For SpaceX there is no drawback to having a brief interruption in the broadcast. The live transmission is for entertainment/PR purposes only, and they're already elbow deep in good PR so don't need any more.
The ASDS stores the video onboard. SpaceX often publishes the landing video later. Even for crash landings, with the stage exploding on the barge, the video recordings remain intact. The video is available for engineering analysis a few hours after the landing, which is soon enough.
There would be a significant cost to making sure the transmission is uninterrupted.
You can't use a buoy. There's a satcom antenna (i.e. a steerable dish) on the ASDS. You'd have to provide a reasonably stable platform for that antenna. So that means a boat or barge.

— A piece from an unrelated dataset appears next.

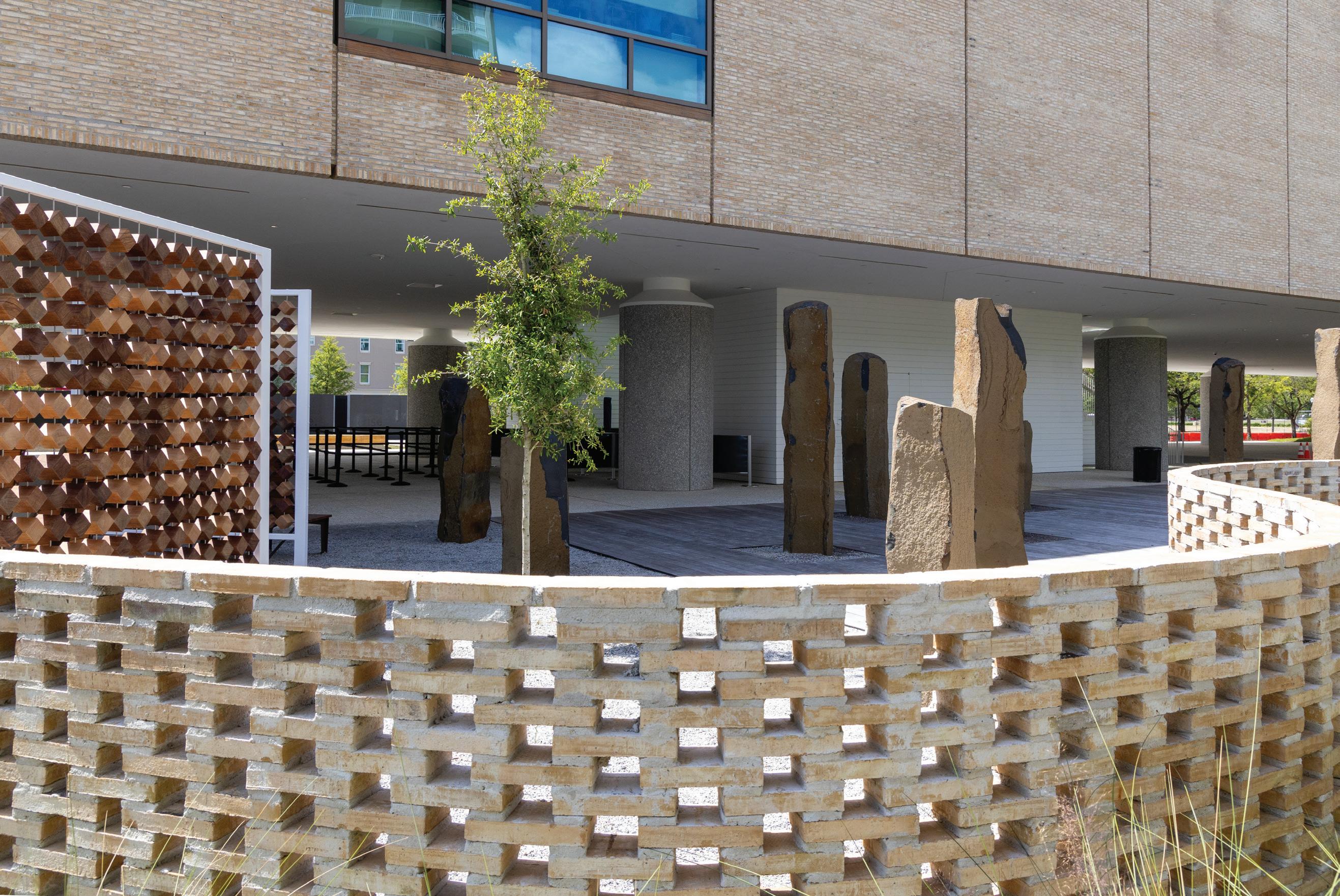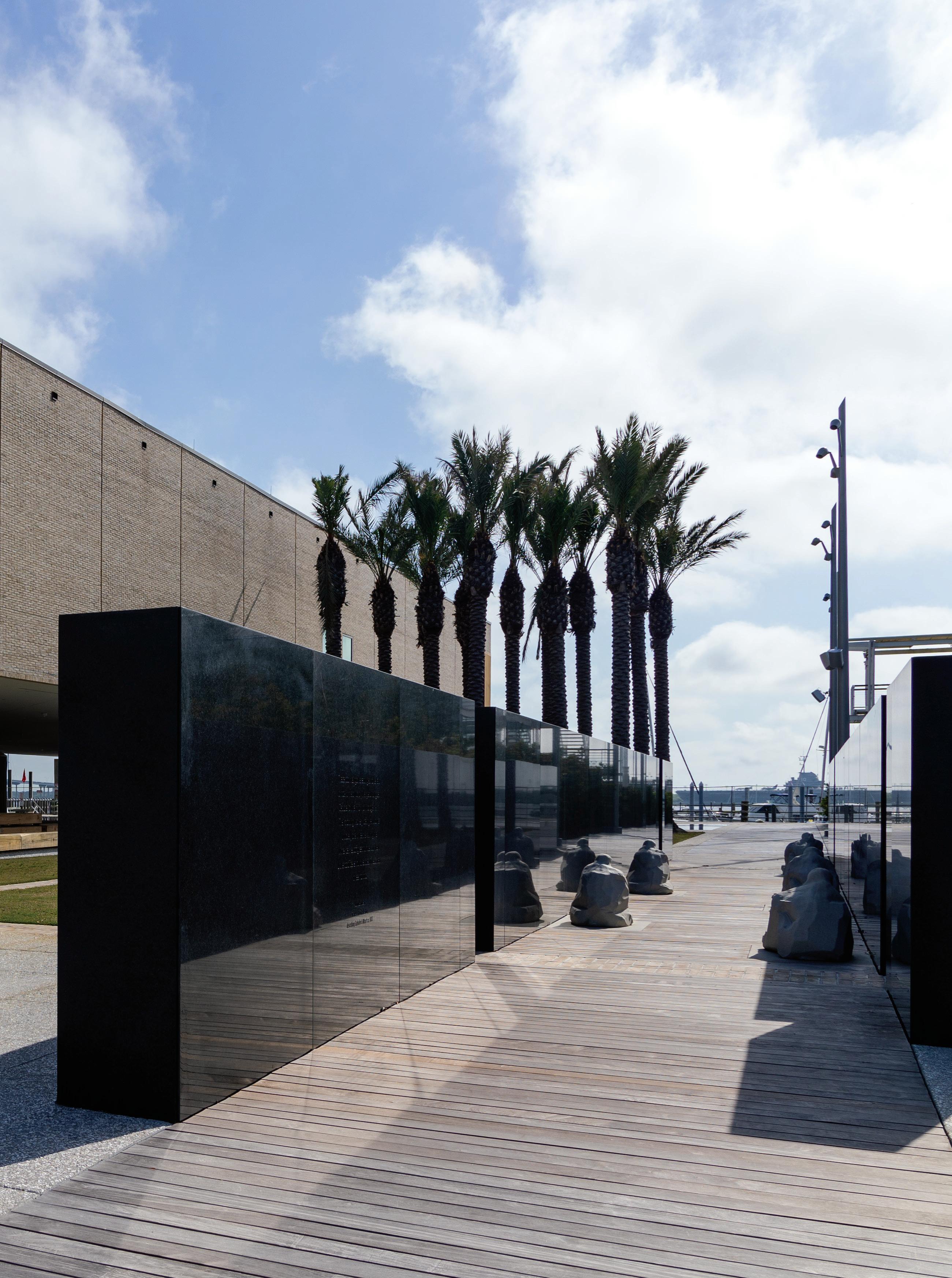 Other landscape design elements include a series of rhythmic dunes suggesting waves or burial mounds on the street side of the museum, a sweeping field of native sweetgrass and an ethno-botanic garden linking West Africa with the Lowcountry, as well as regal palm trees native to West Africa. An obelisk-like stelae garden suggests monuments, purposely undesignated “so visiting school groups can choose which ancestors or leader they might want to dedicate one to,” explains Dr. Tonya Matthews, the museum’s chief executive. On the museum’s east side, a massive black granite wall inscribed with a verse from Maya Angelou’s “Still I Rise” marks where a slave warehouse once stood. Archived records recount 700 captive Africans freezing to death while held there.
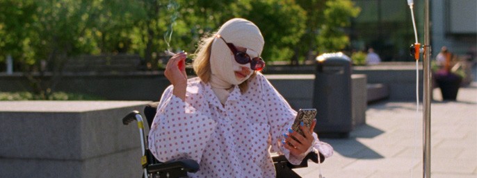 Snart har hun hele hovedet pakket ind i bandage, mens hendes kæreste både er irriteret og bekymret. I en meget morsom scene har de sex, mens hun er iført bandagen og får orgasme til fantasien om, at folk græder ved hendes begravelse.

I've indicated one of the antennas in this image:
(original here)
There's another on on the other side of the barge. They're pretty big (I estimate about 1 m diameter).
That boat means another item whose position needs to be controlled to make sure it doesn't crash into the ASDS. It needs an engine, an azimuth drive or two. Now the boat needs to be big enough to hold these.
Now, instead of recovering just the ASDS, the crew has to recover 2 vessels after the landing, doubling the workload. You need to tow the antenna boat, so that means another tug.
With all this, you still have a wireless link between ASDS and antenna boat. Can't use a wire (will get tangled in a propeller).
So still a wireless link with a transmitting antenna that will be right underneath a rocket exhaust, and can be interfered with by the landing radar. A crash landing on top of the antenna will still take out the transmission.
So you'll spend a lot for no benefit. This is why SpaceX won't bother improving the live landing feed. Not until large-scale BFR operations become a reality and turnaround time needs to drop below 24h - then SpaceX might benefit from having the landing video available sooner for analysis.